» The problem
From the line containing "LO-2 Demonstrate the" through the last line of the records below, output every line exactly as it appears, but leave out the pictures.

Data extracted from a collection:
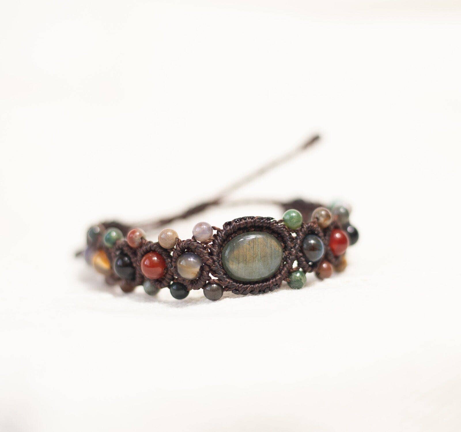 Specifications * Size: Length - 6"-10"/15-25cm adjustable, Width - 1"/2.5cm * Weight: 0.4 oz. * Color: Brown, Green, Blue, Orange and Red * Materials: Labradorite in the center & various Agate stones with Macrame Cord * Handmade in Chiapas. Due to the natural stone variations, each jewelry piece may differ slightly.
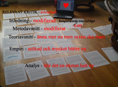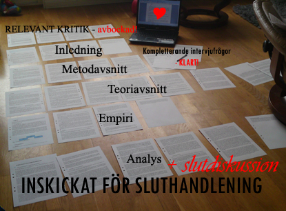 Uppsatsen som lämnades i torsdags ska in till examinatorn på lördag. Jag kan se på plattformen att vår handledare inte ens öppnat meddelandet ännu, där vår uppsats ligger. Som jag jobbade med den då. Jag var ensam ett par dagar förra veckan. Den sista veckan var det mest jag som jobbade med uppsatsen. Han jag skriver med jobbar mycket på dagar och kvällar och skulle dessutom åka till BB och göra kejsarsnitt på sin fru 😉 den dagen vi skulle lämna in. Men det gör inget. Han gjorde sitt bästa. Det är viktigast 🙂
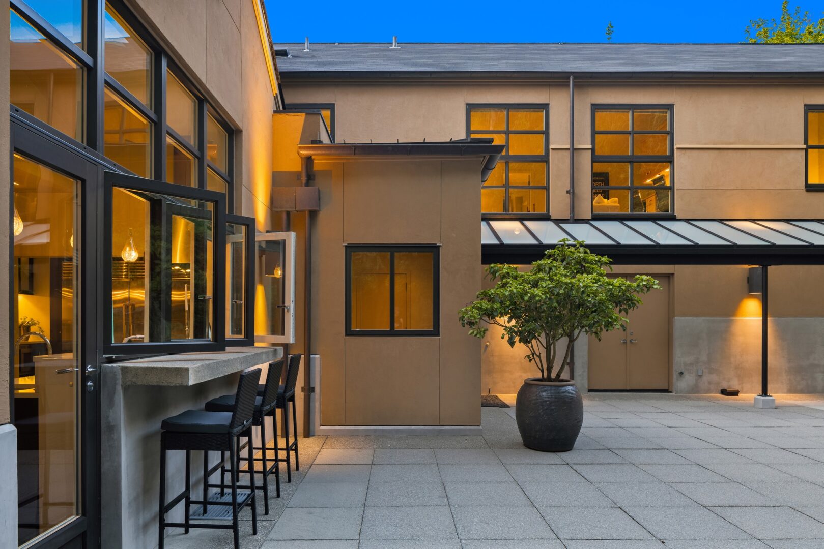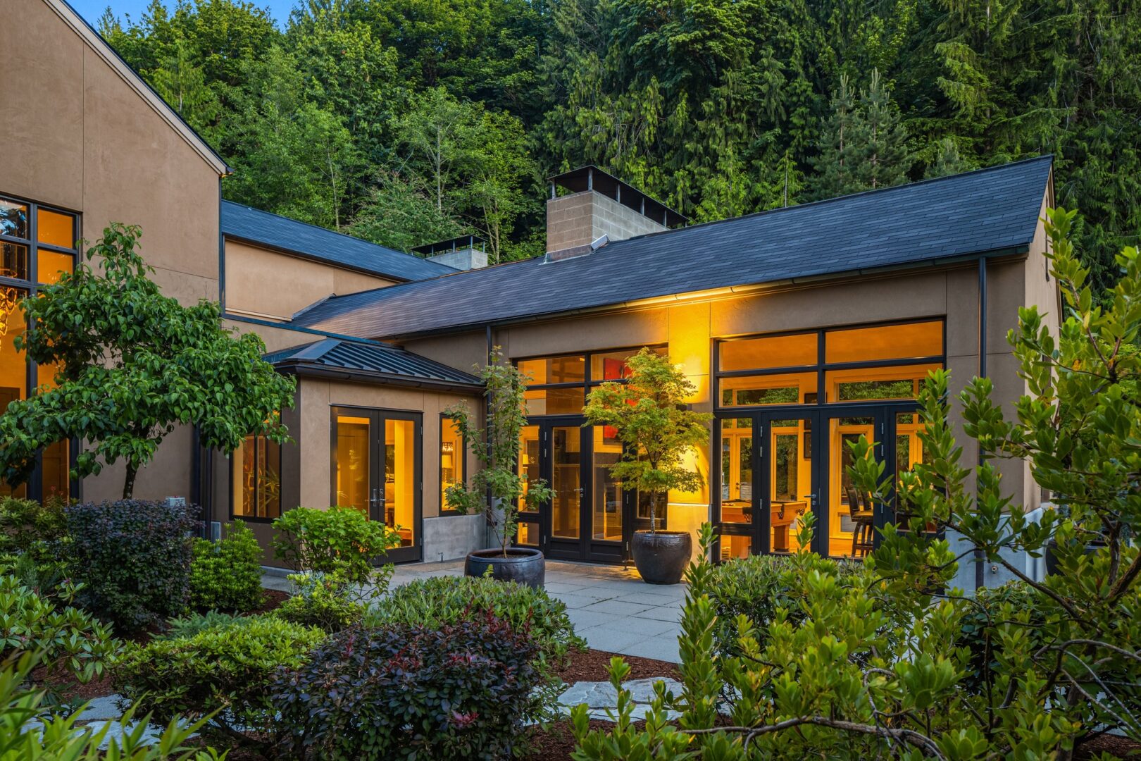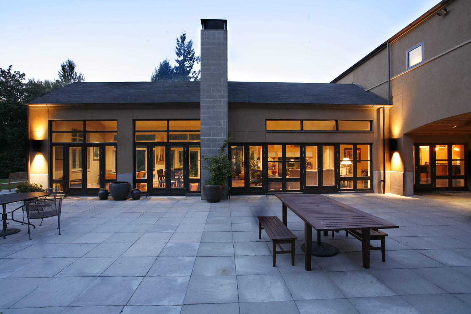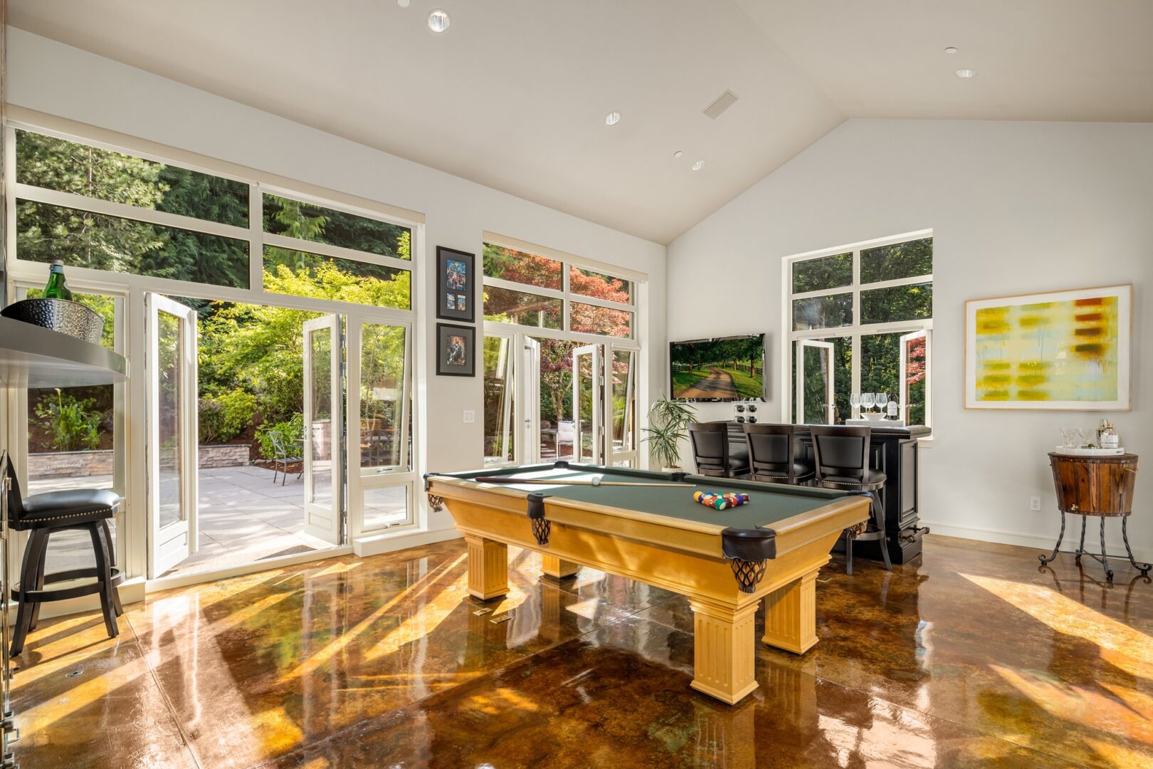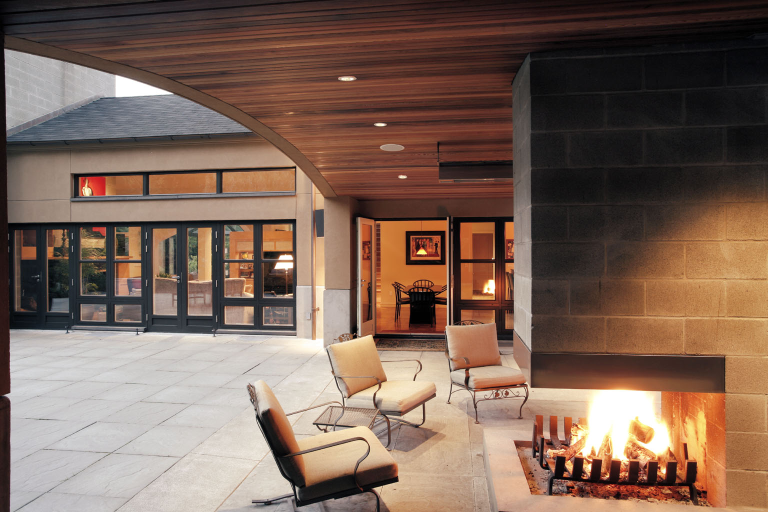A clear ordering system organizes public and private spaces, with an open central core housing the living, dining, kitchen, and game rooms. The most recent addition, known as The Bridge, introduces an outdoor living room with a fireplace below and a new primary bedroom wing above, further reinforcing the home’s layered relationship to site and family life.
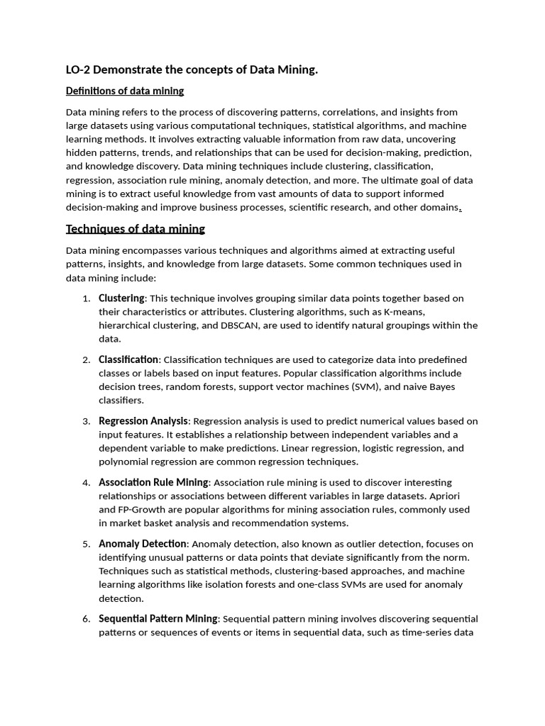 LO-2 Demonstrate the concepts of Data Mining.
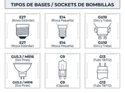 - GU5.3 (12V): común en MR16 de bajo voltaje (dos pines). Normalmente requiere transformador/driver.
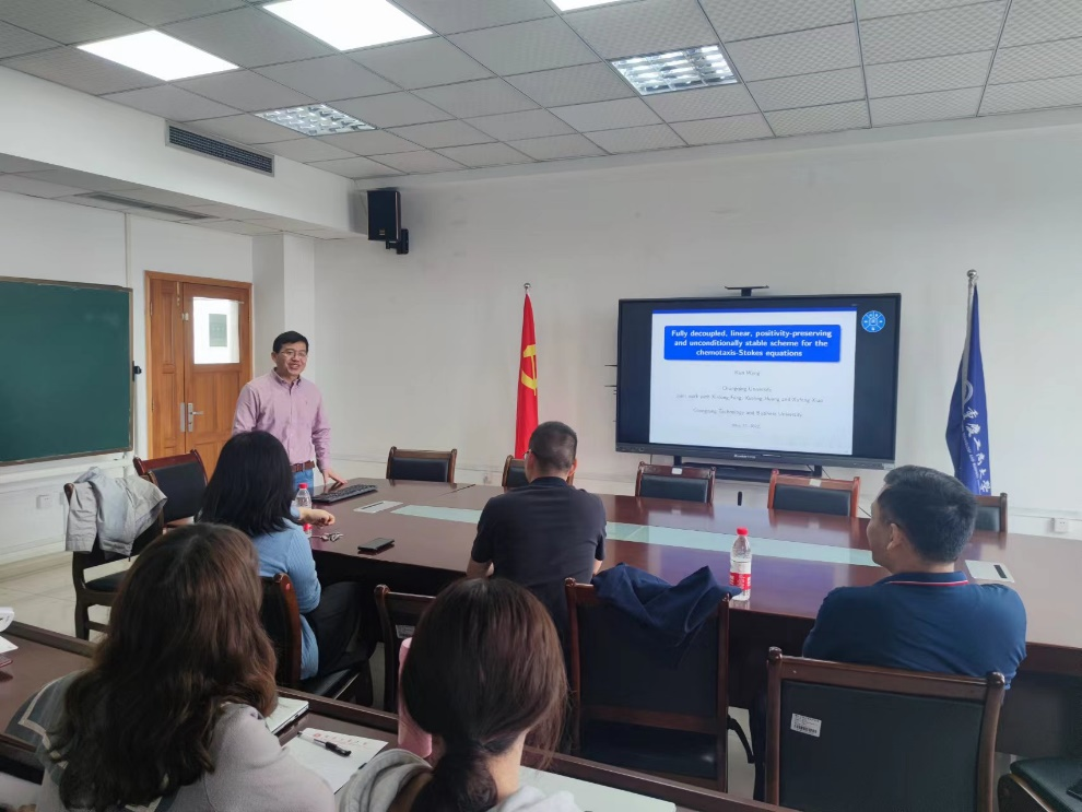 2022年5月22日上午10:30在学院会议室80602,重庆大学王坤副教授应邀为我院师生做了题为《Fully decoupled, linear, positivity-preserving and unconditionally stable scheme for the chemotaxis–Stokes equations》的学术报告。报告由ok138cn太阳集团袁利军教授主持,学院部分老师以及研究生参加了此次学术报告。

» Output of the task
 LO-2 Demonstrate the concepts of Data Mining.
 - GU5.3 (12V): común en MR16 de bajo voltaje (dos pines). Normalmente requiere transformador/driver.
 2022年5月22日上午10:30在学院会议室80602,重庆大学王坤副教授应邀为我院师生做了题为《Fully decoupled, linear, positivity-preserving and unconditionally stable scheme for the chemotaxis–Stokes equations》的学术报告。报告由ok138cn太阳集团袁利军教授主持,学院部分老师以及研究生参加了此次学术报告。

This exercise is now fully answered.